(Activity)
Copy each line of the listing below exactly and drop the images.

(Given data)
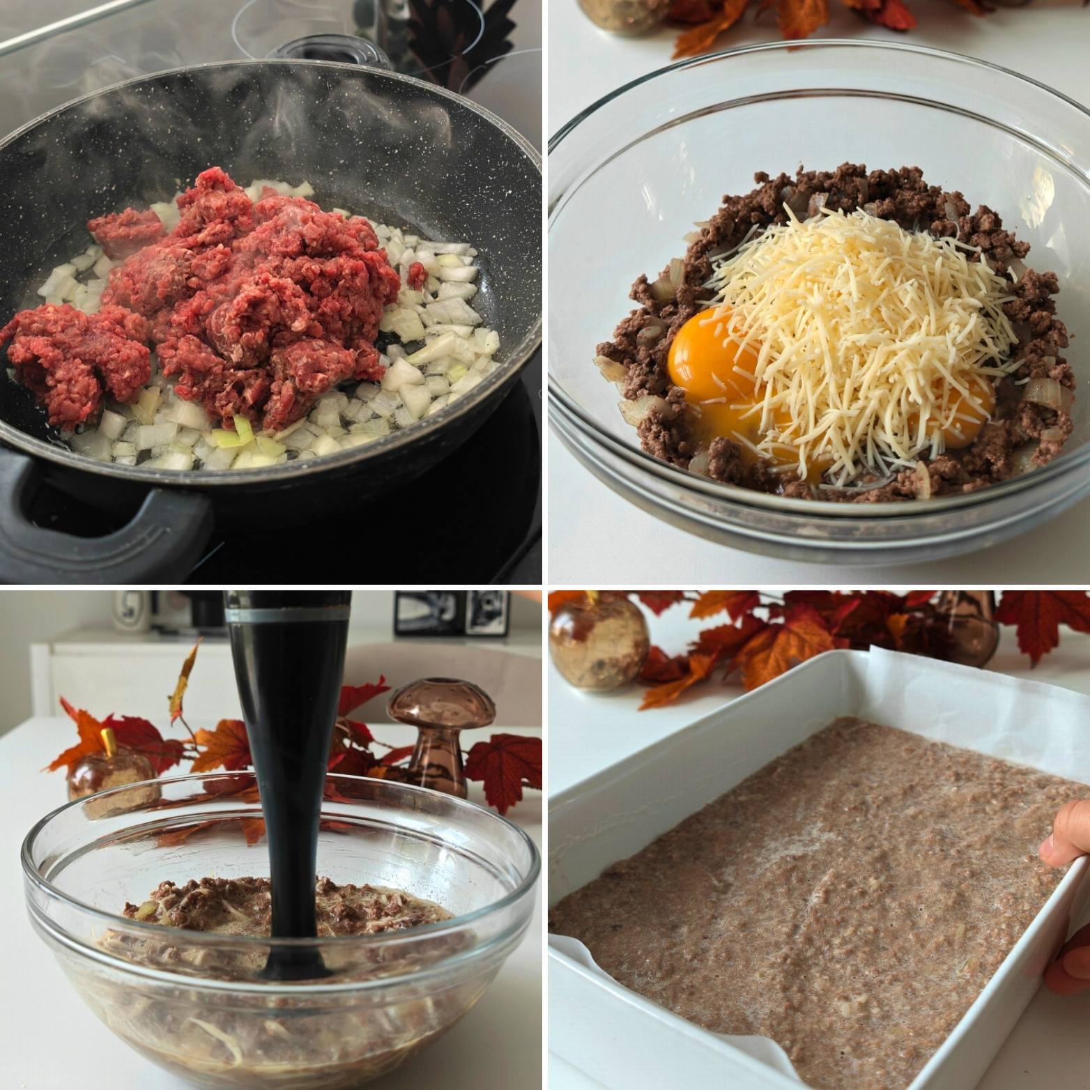 Viande : 400gr de bœuf haché + 4 œufs + 1 oignon + 100gr de fromage râpé (emmental/mozzarella) + 2cs d’huile neutre + 1/4cc de tabel karouia (épice tunisienne) + 1/3cc de piment en poudre (felfel ahmar) + sel/poivre
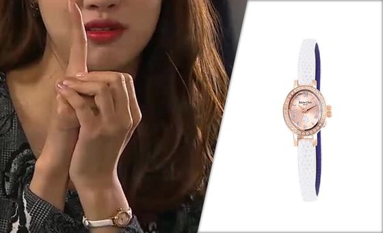 이 장면에서 김자경은 고혹적인 장미가 수놓아진 진그레이 컬러의 플레어 원피스를 매치한 한편, 프레임을 따라 스톤장식이 수놓아진 유니콘 로고의 손목시계를 매치해 세련된 느낌을 살렸다.
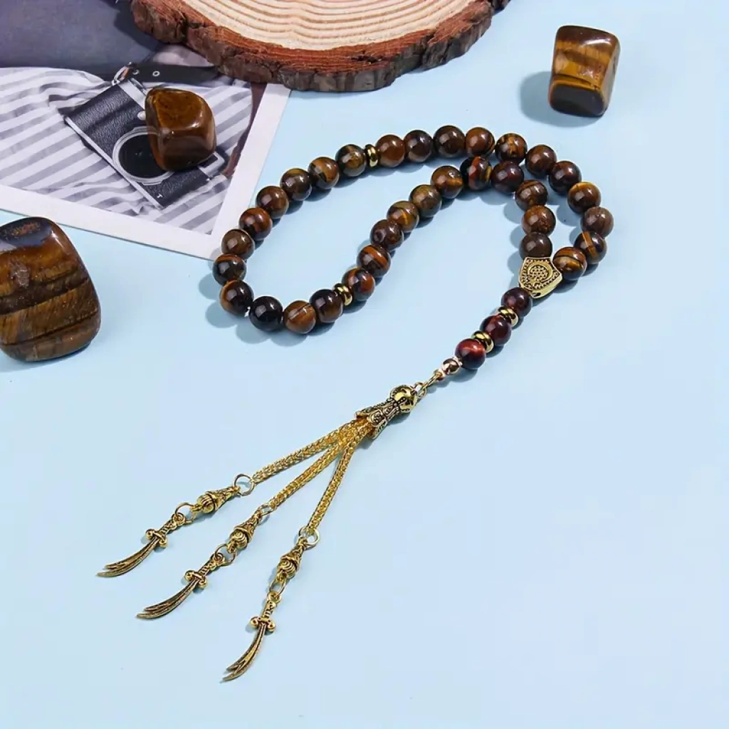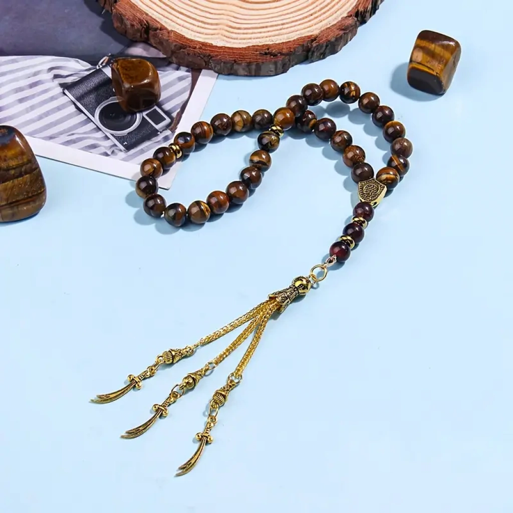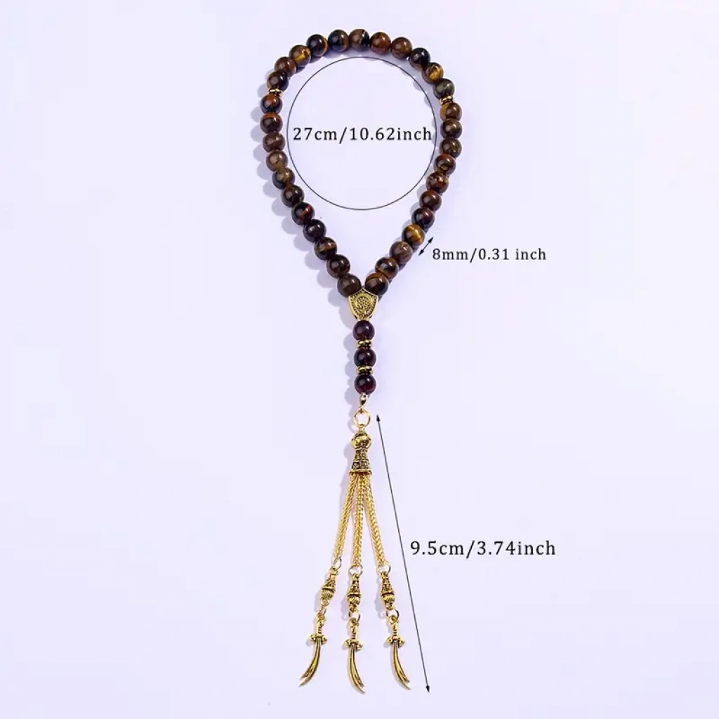 Yuvarlak Kaplan Gözü Taşı Tespih Bileklik Saf El Yapımı Tasarım Scimitar Bileklik Erkek

(Solution to the exercise)
 Viande : 400gr de bœuf haché + 4 œufs + 1 oignon + 100gr de fromage râpé (emmental/mozzarella) + 2cs d’huile neutre + 1/4cc de tabel karouia (épice tunisienne) + 1/3cc de piment en poudre (felfel ahmar) + sel/poivre
 이 장면에서 김자경은 고혹적인 장미가 수놓아진 진그레이 컬러의 플레어 원피스를 매치한 한편, 프레임을 따라 스톤장식이 수놓아진 유니콘 로고의 손목시계를 매치해 세련된 느낌을 살렸다.
 Yuvarlak Kaplan Gözü Taşı Tespih Bileklik Saf El Yapımı Tasarım Scimitar Bileklik Erkek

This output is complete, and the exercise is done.